AIM OF THE EXERCISE
Take the line with "¼³Á¤ÀÌ ³¡³ª°í http://webserver/phpgroupware/" as the first and the last line of the data as the end. Write out both and every line between exactly, except pictures.

PROVIDED MATERIAL
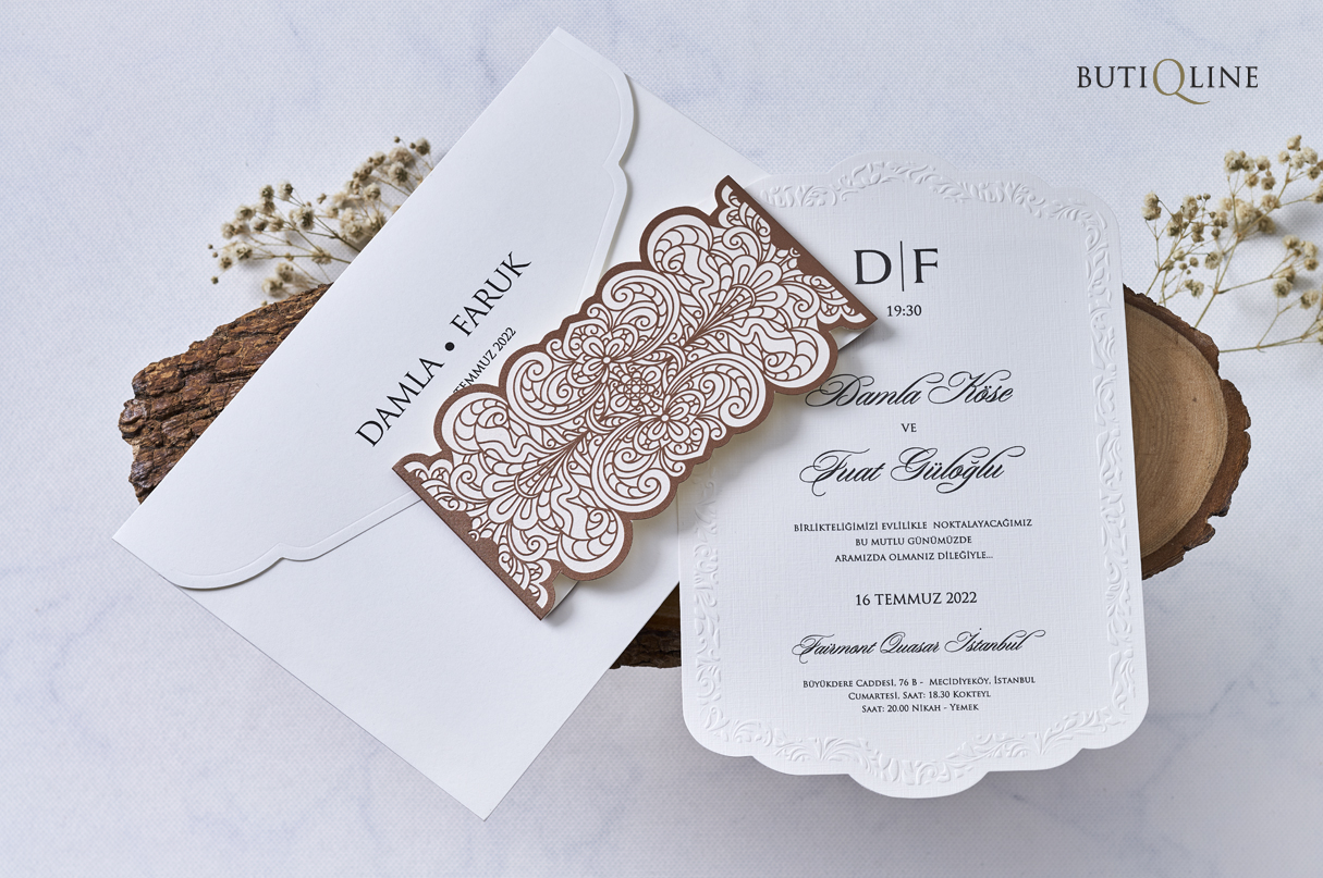 Ensuite, le second élément est la bandelette qui entoure le faire part. Elle est entièrement prédécoupé au laser en motifs en forme d’arabesque.
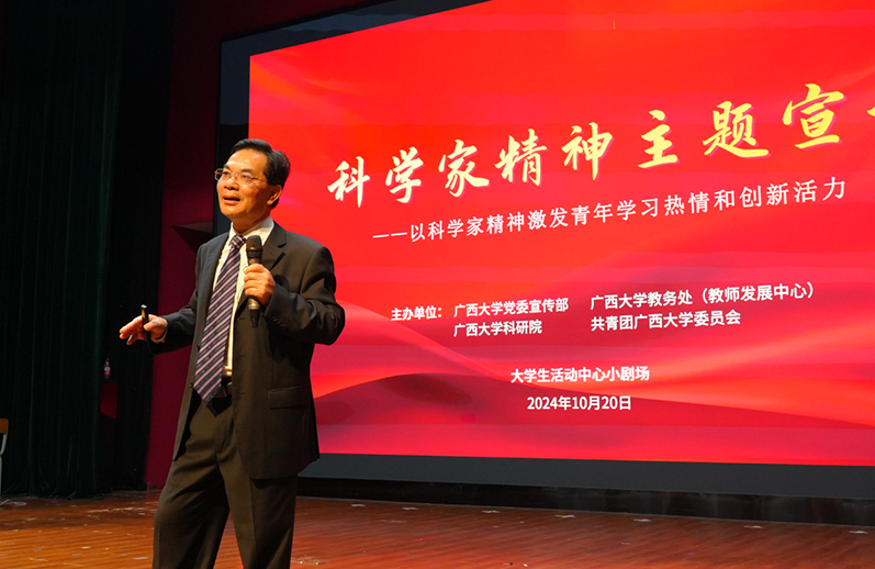 为弘扬科学家精神,激发员工创新创造活力,10月20日,由太阳成集团tyc9728党委宣传部、教务处(教师发展中心)、科研院、校团委联合主办,太阳成集团tyc9728科创领航工作室承办的“以科学家精神激发青年学习热情和创新活力”主题宣讲活动在太阳成集团tyc9728老员工活动中心举办。活动邀请了太阳成集团tyc9728二级教授,博士生导师,国家高性能计算中心南宁分中心主任,广西科学家精神宣讲团成员钟诚,为同学们讲述科学家精神的核心内涵及其对青年员工的重要意义。
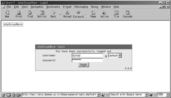 ´ë·«ÀûÀÎ ¼³Á¤ÀÌ ³¡³ª°í http://webserver/phpgroupware/ ·Î(¼³Ä¡µÈ µð·ºÅ丮) À̵¿À» ÇÑ ´ÙÀ½ µåµð¾î ·Î±×ÀÎÀ» ÇÑ´Ù. ¼³Á¤ÀÌ Á¤»óÀûÀ¸·Î µÇ¾úÀ¸¸é ·Î±×ÀÎÇÒ ¼ö ÀÖ´Ù. ¿©±â¼ °ü¸®ÀÚ ±ÇÇÑÀ» °¡Áø »õ·Î¿î »ç¿ëÀÚ¸¦ ¸¸µé°í ¿¹Àü °ÍÀº Áö¿ö¹ö¸®´Â °ÍÀÌ ¾Æ¸¶ ÁÁÀ» °ÍÀÌ´Ù.
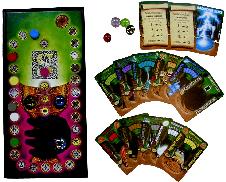 ゲーム中に各プレーヤーに配られるのは、11種類のカードです。これらのカードは魔法の薬を作るための材料なのです(ゲームには関係ありませんが)。1種類はジョーカーでどのカードとしても使えます。残り10種類のカードには、そのカードを集めた場合のポイントが描かれています。

SOLUTION FOR THIS PROBLEM
 ´ë·«ÀûÀÎ ¼³Á¤ÀÌ ³¡³ª°í http://webserver/phpgroupware/ ·Î(¼³Ä¡µÈ µð·ºÅ丮) À̵¿À» ÇÑ ´ÙÀ½ µåµð¾î ·Î±×ÀÎÀ» ÇÑ´Ù. ¼³Á¤ÀÌ Á¤»óÀûÀ¸·Î µÇ¾úÀ¸¸é ·Î±×ÀÎÇÒ ¼ö ÀÖ´Ù. ¿©±â¼ °ü¸®ÀÚ ±ÇÇÑÀ» °¡Áø »õ·Î¿î »ç¿ëÀÚ¸¦ ¸¸µé°í ¿¹Àü °ÍÀº Áö¿ö¹ö¸®´Â °ÍÀÌ ¾Æ¸¶ ÁÁÀ» °ÍÀÌ´Ù.
 ゲーム中に各プレーヤーに配られるのは、11種類のカードです。これらのカードは魔法の薬を作るための材料なのです(ゲームには関係ありませんが)。1種類はジョーカーでどのカードとしても使えます。残り10種類のカードには、そのカードを集めた場合のポイントが描かれています。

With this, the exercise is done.